Thursday, 24 March 2011

National Broadband Network Companies Bill 2010; Telecommunications Legislation Amendment (National Broadband Network Measures — Access Arrangements) Bill 2011

In Committee

5:22 pm

Photo of Simon BirminghamSimon Birmingham (SA, Liberal Party, Shadow Parliamentary Secretary for the Murray Darling Basin) Share this | Hansard source

Certainly. In section 2.17 of the majority report of the committee it highlights:

Telstra argued that the statutory terms ‘carrier’ and ‘carriage service provider’ are ill-suited to define NBN Co’s scope of business. Firstly, a carrier licence can be easily obtained and there is no requirement to use it to supply services to the public …
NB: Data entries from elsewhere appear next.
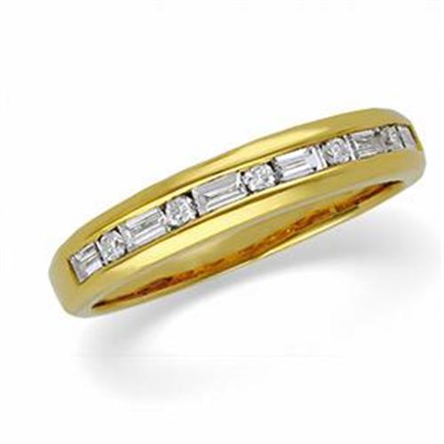 14k Yellow Gold Wedding Band, also called an Anniversary Band, with 6 Emerald Cut Diamonds alternating with 5 round Diamonds across the top. The Diamond Total Weight= .37 Carats! The Diamonds are set down into the band so that there are no prongs to catch on your clothing. The Diamonds are all well matched, in the 'SI' Quality Category and the 'I; Color Category. This beautiful Wedding Band is a Size 7 and it can be resized.
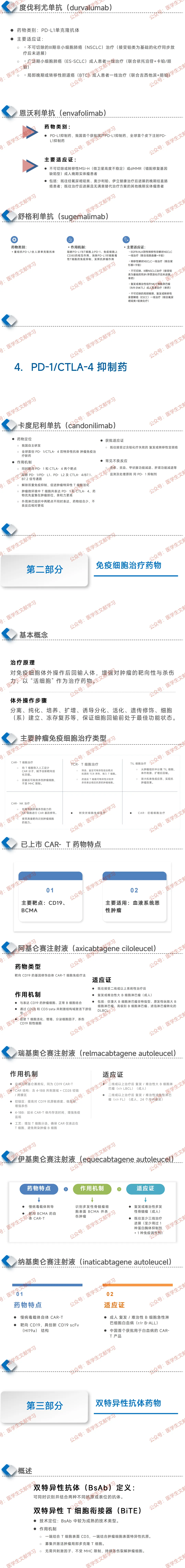 - 度伐利尤单抗:适用于 Ⅲ 期不可切除 NSCLC、广泛期小细胞肺癌、胆道癌等
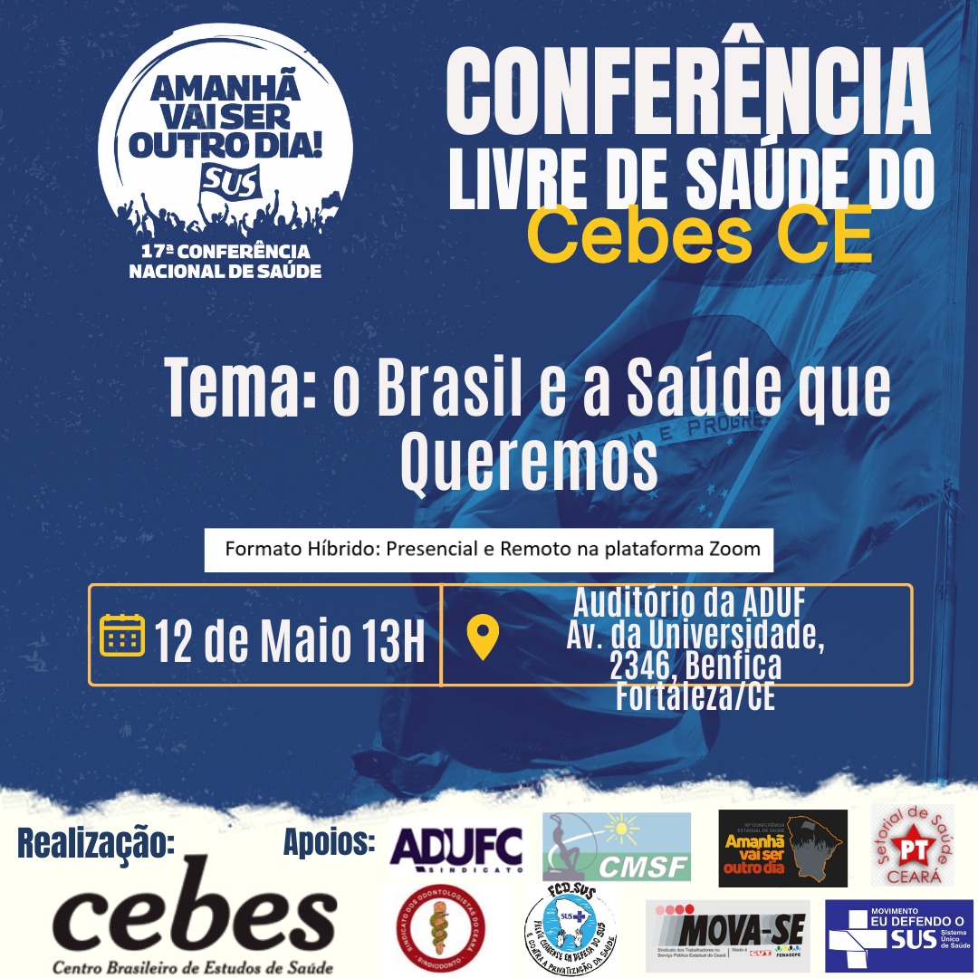 O núcleo Ceará do Cebes promove no dia 12 de maio, das 13h às 17h, a Conferência Livre de Saúde do Cebes no Estado. O evento, que vai contar com a presença do presidente Carlos Fidelis, acontece na da Associação dos Docentes da Universidade Federal do Ceará- ADUF em formato Híbrido, presencial e remoto.
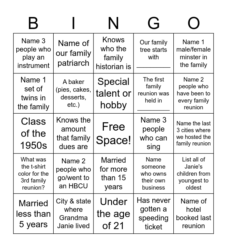 This bingo card has a free space and 69 words: Region that hosted the family reunion in 2009, Name the last 3 cities where we hosted the family reunion, Has children age 10 and/or under, Name 3 graduates this year, City & state where Grandma Janie lived, Name the comedian of the family, Our family tree starts with __________, Name 1 person who has lived overseas, Name 1 male/female minster in the family, Name 4 people who serve, or served, in the armed forces, List all of Janie's children from youngest to oldest, Has 3 generations represented at this year's reunion, Name 3 people who play an instrument, Knows who the family historian is, Name 2 family members who share a birthday month with you, Knows the amount that family dues are, Married for more than 15 years, The first family reunion was held in __________, Name an only child, What was the t-shirt color for the 3rd family reunion?, Name 3 people who can sing, Name someone who owns their own business, Name 2 people who have been to every family reunion, Name 3 of your third cousins, Name someone who shares your birth year, Knows the birth year of Janie Dais, Retired, A "Jack of all trades", Has never gotten a speeding ticket, Name 3 people who have more than 2 grandchildren, Name of our family patriarch, Name the "most seasoned" person at the reunion this year (oldest attendee), Name the "least seasoned" person at the reunion (youngest attendee), Has at least 3 siblings, Shares a name with a family ancestor, Name 3 people who are the youngest sibling, A grill master, Know and can name at least 5 people at the reunion, Name 1 set of twins in the family, Region with the largest number of members, Name 2 people who go/went to an HBCU, Name of hotel booked last reunion, Languages Grandma Janie spoke, Has at least one pet (name & type), Knows the 23rd Psalm, Married less than 5 years, Married more than 20 years, Has traveled outside of the United States, July birthday!, A baker (pies, cakes, desserts, etc.), Special talent or hobby, Is left handed, Wears glasses, Under the age of 21, Lived in at least 3 US States, Lived in at least 3 US Cities, Wearing red, List the last names of 3 family members at this reunion, Class of the 1980s, Class of the 1950s, Class of the 1960s, Class of the 1970s, Class of the 1990s, Class of the 2000s, Class of the 2010s, Class of the 2020s, Class of the 1940s, Speaks and/or knows more than 1 language and Plays or played an organized sport.
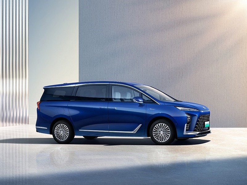 外觀方面,新車不同于燃油版造型,更類似別克世紀(jì)外觀。前臉采用極具沖擊力大尺寸格柵,搭配分體式大燈,造型依舊犀利。車側(cè)繼續(xù)提供側(cè)滑門以及隱私玻璃,車尾尾燈相比別克世紀(jì)更為收斂。車身尺寸方面,新車長寬高分別為5219*1878*1807mm,軸距3088mm。
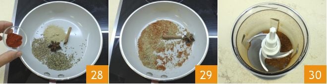 Fügen Sie schließlich das Chilipulver hinzu 28 und rösten Sie alles bei starker Hitze etwa 2 Minuten, gerade so lange, bis die Gewürze ihre Aromen freisetzen 29. Lassen Sie danach die Gewürzmischung abkühlen und geben Sie sie in einen Mixer, schalten Sie ihn für einige Sekunden ein 30 und stellen Sie die Mischung beiseite.

Quoting from Telstra’s submission, the report says:

It is very easy for a customer to ‘convert’ from a retail customer to a carrier, because a carrier licence can be readily obtained with minimal investment requirements, and there is no requirement that a person who holds a carrier licence actually use a network unit to supply services to the public. Once an entity becomes a carrier, NBN Co can supply that person, and the services supplied can be self consumed (by the entity or within its corporate group). This is a simple loophole enabling a corporate customer to buy communications services directly from NBN Co without being a retailer.

That is the key problem that I highlighted before. I will just repeat the last sentence:

This is a simple loophole enabling a corporate customer to buy communications services directly from NBN Co without being a retailer.